Of further relevance to the present invention is the conventional desire to reheat particular types of flue gas which have become cooled prior to their entrance into the atmosphere. This process is necessary in conjunction with relatively cool flue gas, having a temperature of less than 175.degree. F. This is because where relatively cool flue gas exits the stack into the plant, water condensation immediately occurs causing unsightly white colored clouds of steam deposits. To avoid these white deposits, as illustrated in FIG. 1, flue gas is typically reheated just prior to its departure from the stack. The reheating procedure raises the flue gas temperature above 175.degree. F. facilitating an upward flue gas velocity or buoyancy. Consequently, better atmospheric dispersion of the flue gas can be accomplished. Nonetheless, a separate reheating operation demands excessive energy consumption and is a costly procedure.
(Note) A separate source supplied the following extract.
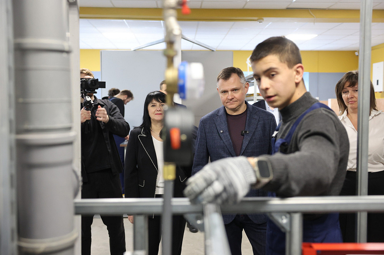 В строительном колледже Юрий Слюсарь посетил учебно-производственные лаборатории. В 17 мастерских, созданных по федеральному проекту «Профессионалитет», студенты учатся сварочному делу, монтажу и ремонту газового оборудования, осваивают профессии маляра, сантехника и другие востребованные в экономике специальности.

The present invention solves the foregoing problems of the conventional catalytic reduction process and simultaneously provides an efficient means for the reheating of flue gas. The present invention eliminates the difficulties inherent in employing a catalytic reduction operation upstream of both the flue gas desulfurization and particulate control processes, as outlined above, by placing the catalytic reduction operation downstream thereof. In the present invention, the catalytic reduction process is positioned just before the flue gas exit from the stack. As a result, the flue gas temperature upon encountering the catalytic reduction operation is incidentally increased. A dual benefit results whereby the nitrogen oxide is removed and the flue gas is reheated. A separate reheating steps is avoided, energy is saved and an otherwise loss in system energy is made beneficial.